First: stick my right hand in the air

Then: Snap my fingers

Finally: Exclaim “That’s my song!

After the fiftyleventh time I did that, Kim says me “How do you find out about this music? They don’t play these songs on the radio.”

::Pause::

::Enter moment of lucidity::

In the midst of my wine buzz, my dissertation research had just smacked me in face. Kim had just asked me one of the central questions in my research. She was 100% right, how do people find out about these artists without the support of major radio outlets, MTV/VH1/BET, and other mass media outlets?

Her query (temporarily) brought me out of my wine + food languor to consider the importance of her question. It wasn’t the first time I had thought about how people find their way to artists outside of the mainstream. I had posed the question countless times in interviews and randomly to friends. I’ve even jotted down my “musical journey of exposure” in my field notes in order to better understand how I arrived in the world of Omar, Jay ElectronicaAlgebra, Jazzanova, Bugz in the Attic, and countless others. But somehow it was different when someone was asking me that same question in the course of casual conversation it made me realize that the answer is not a mere footnote or anecdote, but it is fundamental in understanding how “urb-alt” communities are formed and sustained.
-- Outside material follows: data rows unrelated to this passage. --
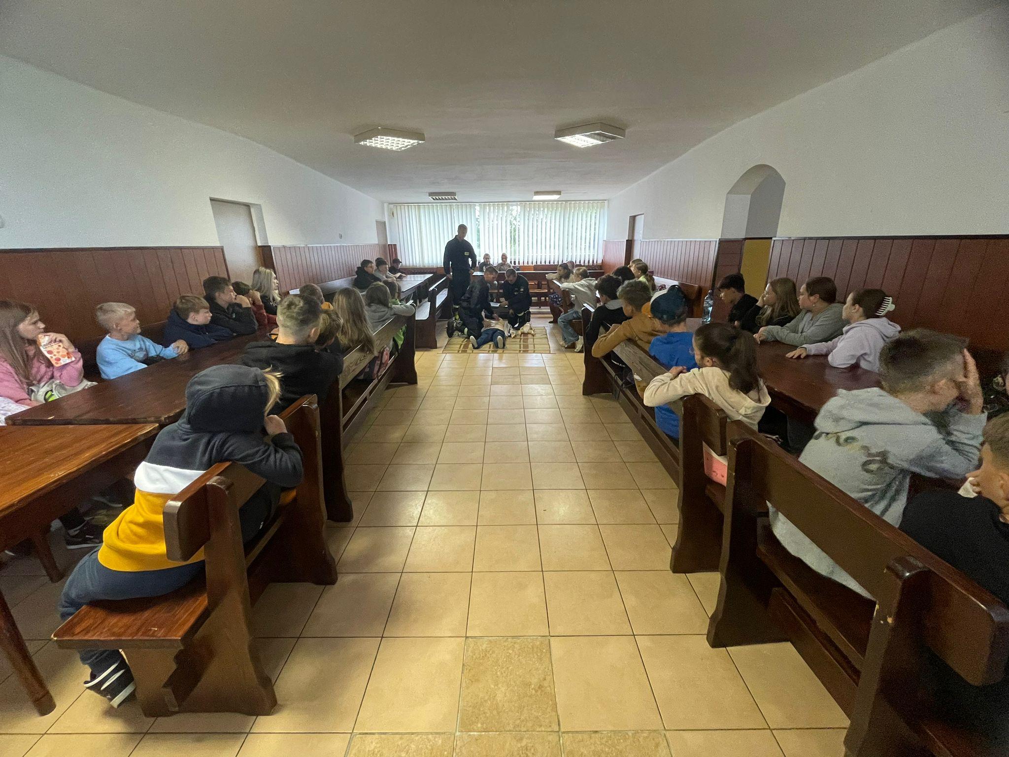 29 lipca 2024 r. strażacy Komendy Powiatowej PSP spotkali się z dziećmi uczestniczącymi w I turnusie półkolonii „Wakacje w Mieście 2024” zorganizowanym przez Ośrodek Sportu i Rekreacji w Sokółce.
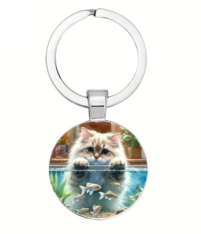 Klíčenka - přívěsek na klíče - s kočkou. Klíčenka kočka, co se dívá na rybičky, se bude skvěle vyjímat na klíčích milovníka koček.
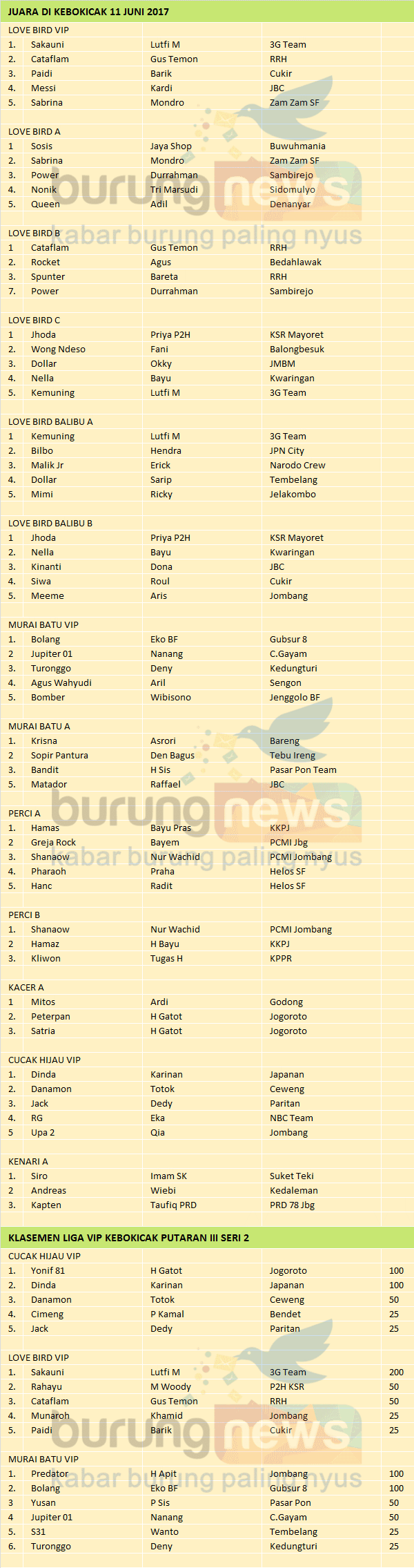 Hasil Lomba Burung
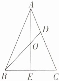 6 [中]如图,在$△ABC$中,$AB= AC$,点O在高AE上,且$OA= OB$,连接BO并延长交AC于点D.
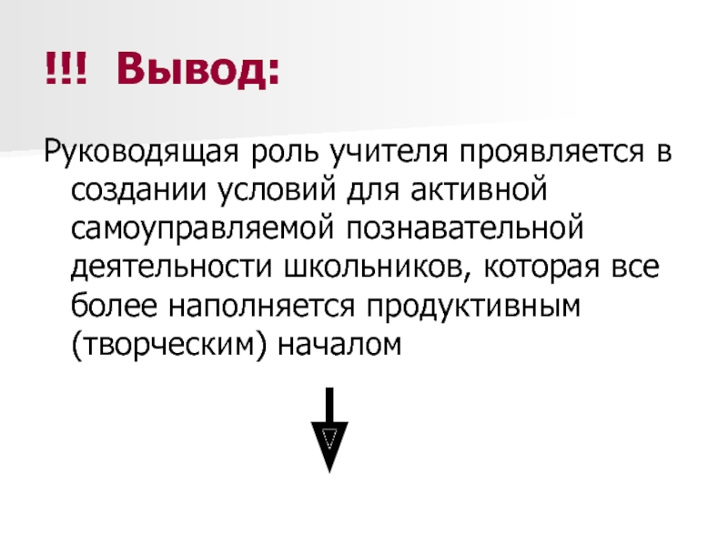 самоуправляемой познавательной деятельности школьников, которая все более наполняется продуктивным (творческим)

As I talk to others, I’ve learned that most people have had a circuitous journey of musical discovery that revolves around friend’s music recommendations, record stores (RIP), the internet, artists’ influences, and serendipity. Once someone becomes aware that the music exists, it seems to be easier for to find similar artists.
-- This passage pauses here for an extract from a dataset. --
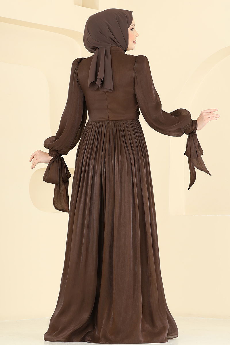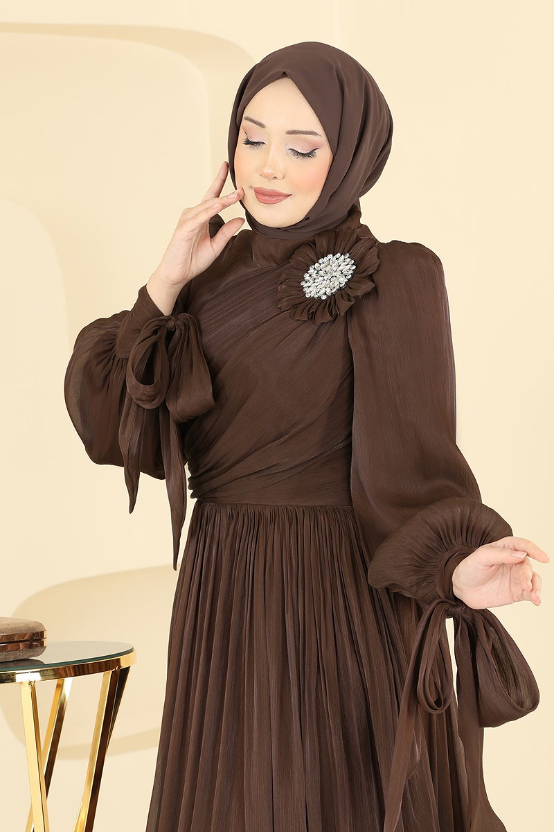 Taş Broşlu Şık Abiye 7139SAR739 Kahve
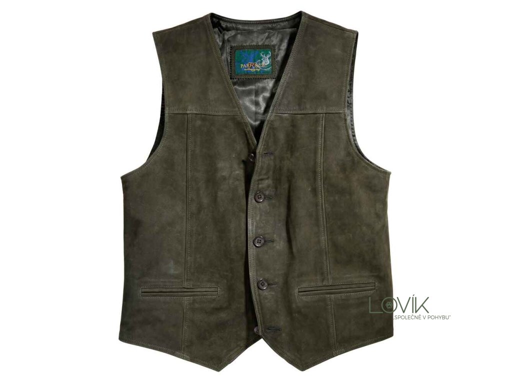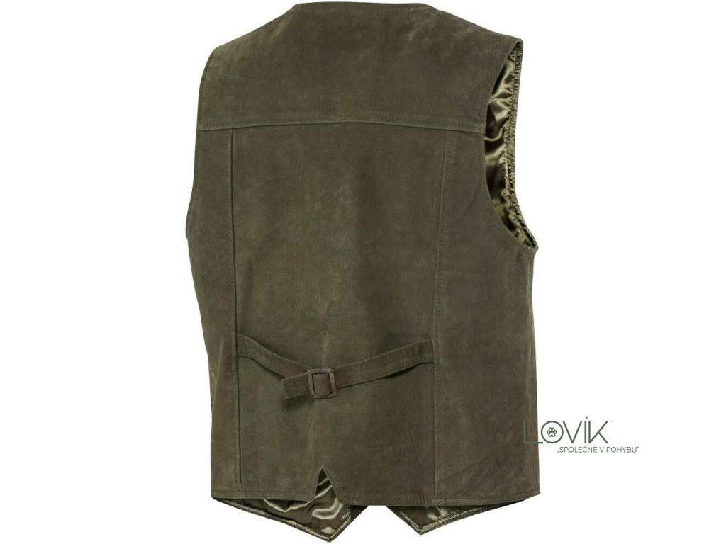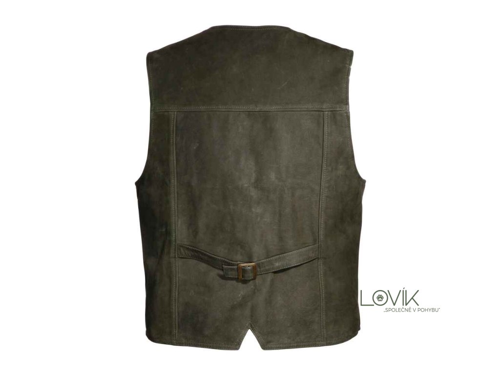 Sportovní vesta z buvolího nubukového kůže pro lov i volný čas. Perfektně ladí s oblíbenými buvolími koženými kalhotami. Vesta má zapínání na knoflíky, klasický výstřih do V a prošívané vyztužené ramenní partie. Praktické dvě vnější kapsy a jedna vnitřní kapsa, ideální pro peněženku, mobil nebo jiné drobné cennosti. Na zádech je nastavitelný pásek pro lepší přizpůsobení postavě.

This recurring theme in the answers I’ve received is that it took some effort or initiative after the initial “encounter” (thanx Philip Bohlman) on the part of the listener to find artists like Earl Greyhound, Clara Hill, Rahbi, or whomever. What’s a synonym for initiative and effort that academics love to use? Agency! And that’s the one ingredient that most Marxist-based studies of popular music tend to minimize. Yes, the radio/BET/MTV may play the same five songs over and over and over again, but many music lovers push beyond what they’re offered to find out where the stash is.

My dissertation is about that push.

So the question remains, how did you find “your” music?

Did you accidentally pick up your boo’s ipod and fall in love with MF Doom? Did you go to “House and the Park” and hear the soulful house sounds of Osunlade? Or did you have a roommate who was blasting nothing but Tamar Kali?

Whatever it is, however you like it, I’d love to hear you story.

And to the wine and the homie, Kim, you’ve earned your place in my acknowledgements!